Conforme a publicação, as quedas observadas a partir de 2017 poderiam ter sido mais intensas. “A redução dos homicídios no país não foi mais robusta devido à política armamentista desencadeada no governo Bolsonaro”, revela a nova edição, que cita estudo do Fórum Brasil de Segurança Pública. Ele estima que, se não houvesse o aumento de armas de fogo em circulação a partir de 2019, teriam ocorrido 6.379 assassinatos a menos no Brasil em 2021.

Apesar da queda nas taxas de homicídio, o Atlas da Violência levanta preocupação com o uso letal da força pelas polícias no Brasil e indica que alguns eventos trazem fortes indícios de execução, o que acende um alerta para um país democrático, onde vigora o Estado de Direito.

Segundo o Anuário do Fórum Brasileiro de Segurança Pública 2023, no ano de 2022 houve 6.429 mortes por intervenção policial, o que representa 13,5% do total das mortes violentas intencionais no país. Em alguns estados como Bahia e Rio de Janeiro, esses índices alcançaram patamar acima de 20%.

Crianças e adolescentes

Segundo dados do Atlas da Violência, 2.166 crianças de zero a quatro anos e 7.396 de cinco a 14 anos perderam suas vidas por agressão no Brasil entre 2011 e 2021. O mesmo ocorreu com 97.894 adolescentes entre 15 e 19 anos. São vítimas que não tiveram a chance sequer de iniciar ou concluir a vida escolar, nem de construir um caminho profissional.

Na maioria das vezes, as agressões ocorrem em casa e os agressores são pessoas próximas, que gozam da confiança das vítimas. A Lei Menino Bernardo, aprovada em 2014, incluiu no Estatuto da Criança e do Adolescente a proibição do castigo físico como forma de educar os filhos. O Atlas da Violência aponta que essa é “uma violência que foi normalizada por diversas décadas”.

Mas, além da violência letal, o levantamento do Ipea chama também atenção para a violência física, psicológica, sexual, patrimonial e institucional, além de casos envolvendo negligência e trabalho infantil.

“A proporção de estudantes do ensino fundamental que deixaram de ir à escola por causa da sensação de insegurança é expressiva. No Brasil, saltou de 5,4% em 2009 para 11,4% em 2019”, informa a publicação.

Uma atenção especial é dedicada ao bullying (intimidação sistemática), que estaria crescendo no ambiente digital, por meio de celulares, computadores e outros dispositivos usados para difundir mensagens e imagens. Dados do IBGE, reunidos no Atlas da Violência, indicam que a proporção dos estudantes que foram objeto de cyberbullying (práticas do bullying cometidas em espaços virtuais) é apenas ligeiramente superior no ensino médio (13%) em comparação ao ensino fundamental (12,6%).

“O bullying é expressão de preconceito, intolerância e discriminação por modos específicos de ser (etnia, raça, gênero, classe, estilos de comportamento, maneiras e forma do corpo, posição política e ideológica, etc.), retrata-se na

forma de agressão moral, psicológica e física e aparece em formas verbais (xingamento, insultos, chacotas, difamação etc.) ou físicas (agressões, ameaças ou intimidação)”, define o Ipea.

Idosos e LGBTQI+

Esta edição do Atlas da Violência trouxe, também, de forma inédita, uma seção que trata da violência contra idosos. “O tema ganha destaque porque o Brasil caminha a passos largos no processo de transição demográfica, rumo ao envelhecimento da população.
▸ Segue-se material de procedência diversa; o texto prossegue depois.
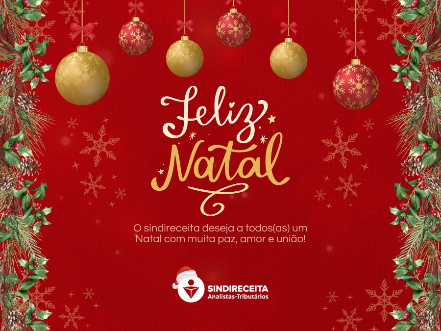 A Diretoria Executiva Nacional do Sindireceita deseja a todas as Analistas-Tributárias, a todos os Analistas-Tributários, a todos filiados pensionistas e a seus familiares um Natal de profunda paz, amor e renovação. Que este período seja um refúgio de felicidade e um momento para recarregar as energias ao lado de quem amamos.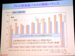 まず同氏は液晶パネルの需給状況について「液晶テレビ用のパネル需要は堅調に推移すると見ている。また需給状況についても、来年前半には供給過多となるという見方があったが、新興国市場で当初予測以上に需要が拡大していること、海外のG6、G7ラインがテレビ用からPC用に転換していることなどから、既存のG8ラインに液晶テレビが集中する傾向が今年から来年にかけて強まる」と説明。さらに「海外メーカーの工場やラインの立ち上げも遅れ気味になっている。パネルの品不足は続くだろう」と述べた。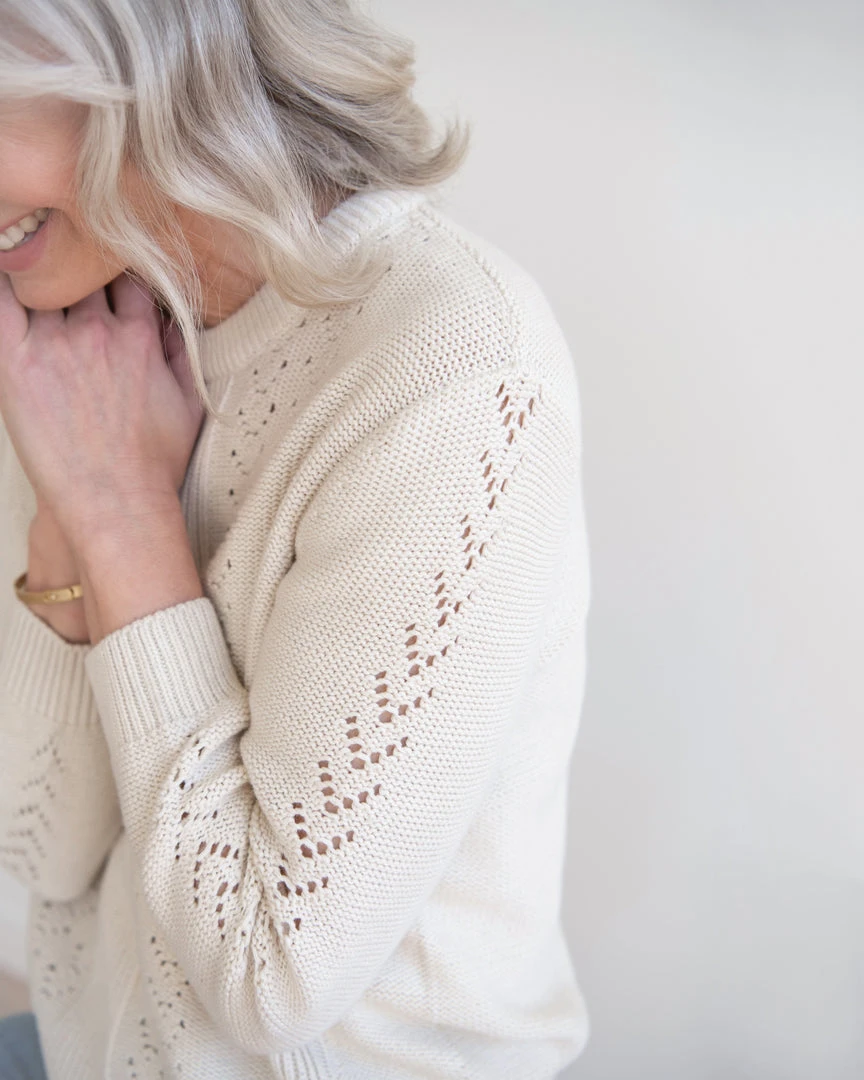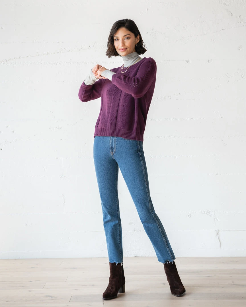 Make room for a little romance in your closet with our Pointelle Sweater. A coy, coquettish pullover with a hint of retro charm. Lacy eyelet needlework accents the front bodice and sleeves, all knit from a cozy wool and cotton blend. A great piece to layer.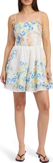 Suspended by slinky spaghetti straps, this airy chiffon romper is made with an enchanting bloom print and finished with flowy shorts.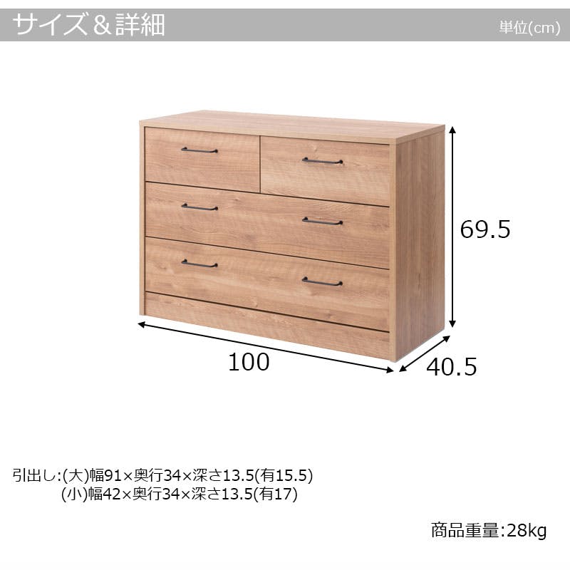 ■商品サイズ/本体:(約)幅100×奥行40.5×高さ69.5cm■引出し内寸/(約)幅(大)91(小)42×奥行34×深さ13.5(有)(大)15.5(小)16.5cm■耐荷重量/天板:(約)20kg■商品重量/(約)34kg■日本製■完成品(取っ手のみ取り付け)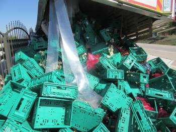 Çekici ile devrilen kamyonun kaldırılmasının ardından yola saçılan meyve ve sebzeler temizlendi.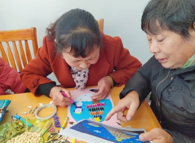 活動中,志愿者將準(zhǔn)備好的瓜子殼、花生殼、材料工具等放到居民面前,讓大家共同制作瓜子殼粘貼畫。每位居民都積極參與,精心構(gòu)思,將果殼依次進(jìn)行擺放、粘貼、添畫、涂色,大膽創(chuàng)作,制作出一幅幅造型精美、生動形象的手工藝術(shù)作品。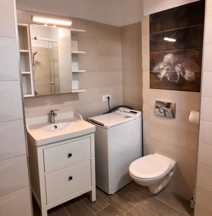 Bucătăria este complet utilată, cu mașină spălat vase, baie cu dus si masina de spalat rufe, iar balconul are 3mp.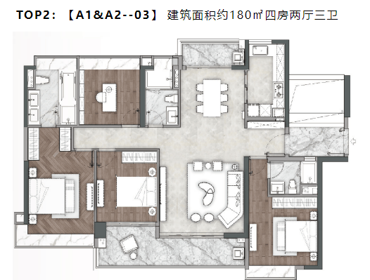具体户型方面,【A1&A2--01&02】120㎡三房两厅两卫,空间布局方正,客厅与景观阳台相连,山景视野无遮挡;主卧配备独立卫生间与飘窗,保障私密性与舒适度,适合三口之家的高端刚需或小型改善家庭。【A1&A2--03/04】180㎡四房两厅三卫,空间宽敞通透,四房设计满足多人口家庭需求,双主卧布局(均带独立卫生间),适合三代同堂或有客房需求的商务家庭;客厅开间阔绰,可打造高端社交空间,搭配大尺度景观阳台,山景与生活场景完美融合。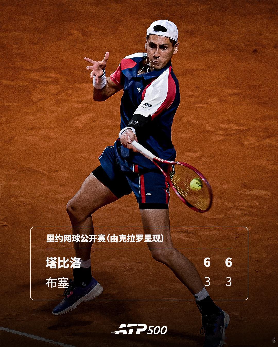 ATP500里约网球公开赛(由克拉罗呈现)半决赛,塔比洛以6-3 6-3战胜布塞,职业生涯首进500赛决赛,第6次跻身巡回赛决赛,将冲击最高级别单打冠军。
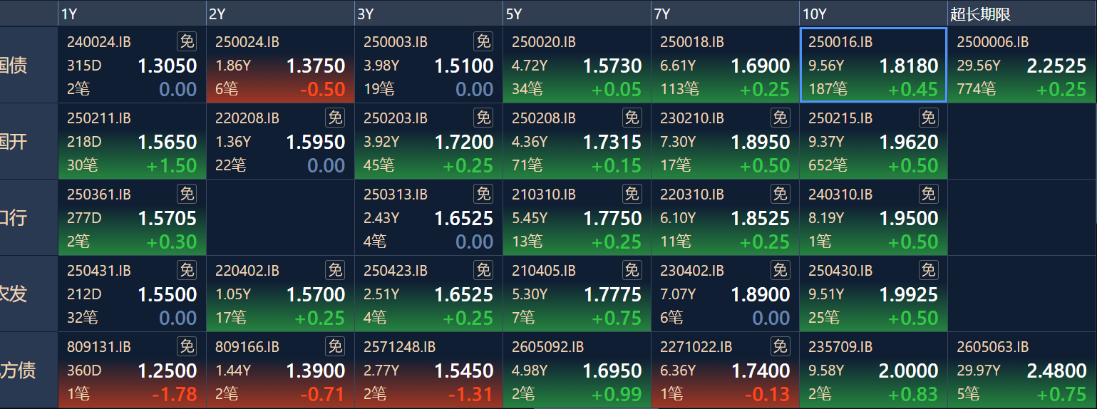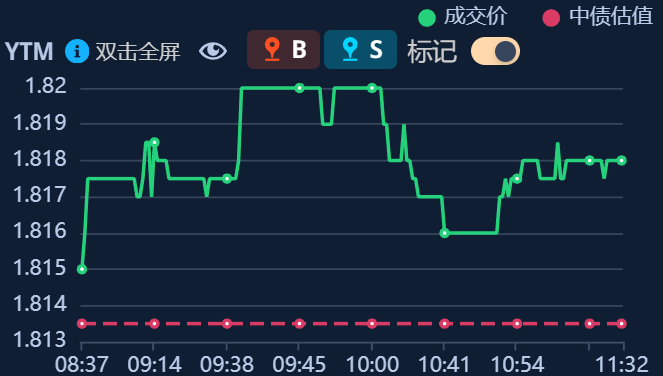 二、十年期国债收益率:1.818 0.0045%(国债收益率越涨,债市越跌,两者反向关系)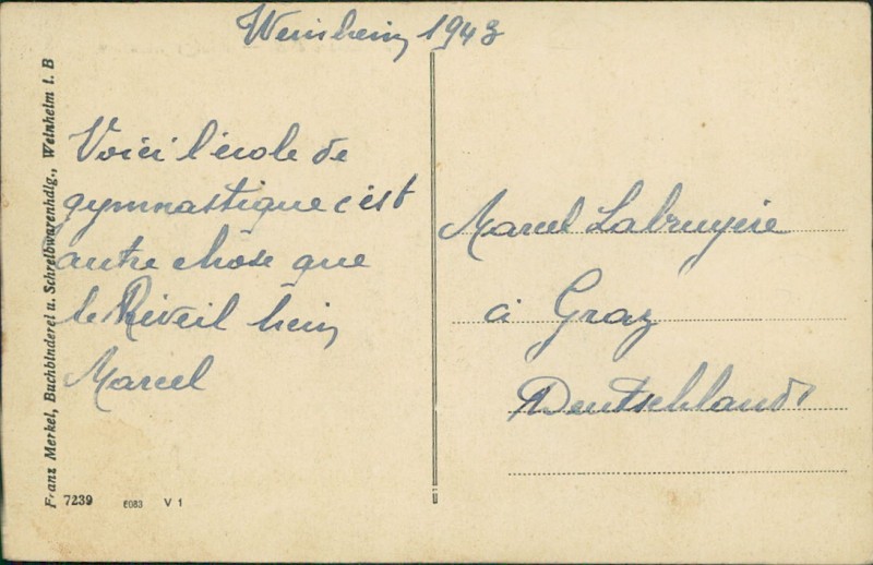 Alte Ansichtskarte aus Weinheim, beschrieben um 1943.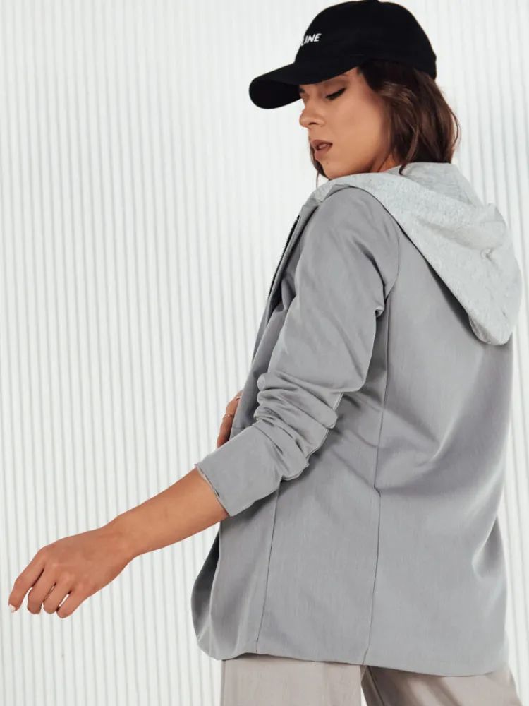 Odkryj doskonały balans między elegancją a codziennym stylem z naszą marynarką z podszyciem bluzy. Przemyślne połączenie formalnego kołnierza i nieformalnego kaptura tworzy wyjątkowy look, który przeniesie Cię od biurka do weekendowych przygód bez konieczności zmiany ubrania. Marynarka zapinana na guzik oraz zamek, to esencja współczesnej mody dla kobiety ceniącej funkcjonalność i oryginalność.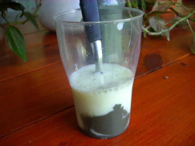 Esto es tan simple, no requiere explicación. Agregue el cemento a la leche, una parte de cemento 4 partes leche. Ejemplo: para 1 litro de leche, 250 cc de cemento. Esta proporción varía según las preferencias de cada persona. No seas tacaño, sin embargo.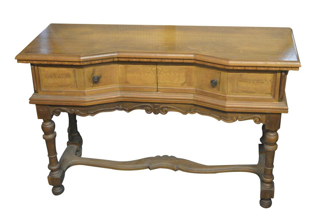 A vintage Italian hand crafted walnut oyster burl wood bombe console table featuring a center drawerA vintage Italian hand crafted walnut oyster burl wood bombe console table featuring a center drawer completed with bronze handle. Crafted with cabriole legs. Bottom has Classic House Furniture Galler

Daí faz-se mister trazer à tona essa questão, que tende a crescer nos próximos anos e décadas e representará mais um grande desafio para governos e sociedade”, registra a publicação.

O Atlas da Violência chama atenção para diferenças envolvendo raça. A mortalidade por agressão é cerca de 41% mais elevada para negros do que para não negros em 2021, quando o país registrou uma taxa de 16,6 óbitos por agressão por 100 mil habitantes para negros, e de nove por 100 mil para não negros.

No tópico em que discute as violências contra a população LGBTQI+, o Atlas da Violência destaca a necessidade de maior compromisso das instituições estatais com o diagnóstico da situação.

“As limitações na produção de dados constituem o principal desafio técnico à implementação de políticas públicas destinadas a esta população”, acentua. Além da insuficiência de dados, a publicação salienta que a institucionalização de discursos LGBTfóbicos durante o governo de Jair Bolsonaro gerou uma falta de confiança desta população no dispositivo de denúncia, que acusou queda no número de ocorrências registradas.

Festival de cultura indígena movimenta Brasília em dezembro

A capital do país receberá a primeira edição do Festival Brasil É Terra Indígena, nos próximos dias 13 e 14 de dezembro, em um complexo cultural que será montado na esplanada do Museu Nacional da República, região central de Brasília. Gratuito, o evento reunirá talentos da música e das artes plásticas, com destaque para artistas indígenas, além da exposição de artesanato e debates sobre economia criativa, bioeconomia e intercâmbios culturais diversos, incluindo moda e gastronomia.

A programação musical completa de artistas indígenas conta com Djuena Tikuna, Kaê Guajajara, Siba Puri, DJ Rapha Anacé, Tainara Takua, Gean Pankararu, Heloisa Araújo Tukue, Brisa Flow, DJ Eric Terena, MC Anarandá, Katú Mirim, Edvan Fulni-ô, Suraras do Tapajós, LaManxi, Brô MC’s e Grandão Vaqueiro. Outros artistas consagrados da cena musical brasileira, como Lenine, Gaby Amarantos e Felipe Cordeiro participam como convidados dos músicos indígenas. Os Bro Mc’s convidam o rapper Xamã ao palco. Gaby Amarantos e Felipe Cordeiro são os convidados do show das Suraras do Tapajós. Gean Pankararu leva para a sua apresentação o cantor Lenine. Já Mariene de Castro participa do show da cantora Djuena Tikuna.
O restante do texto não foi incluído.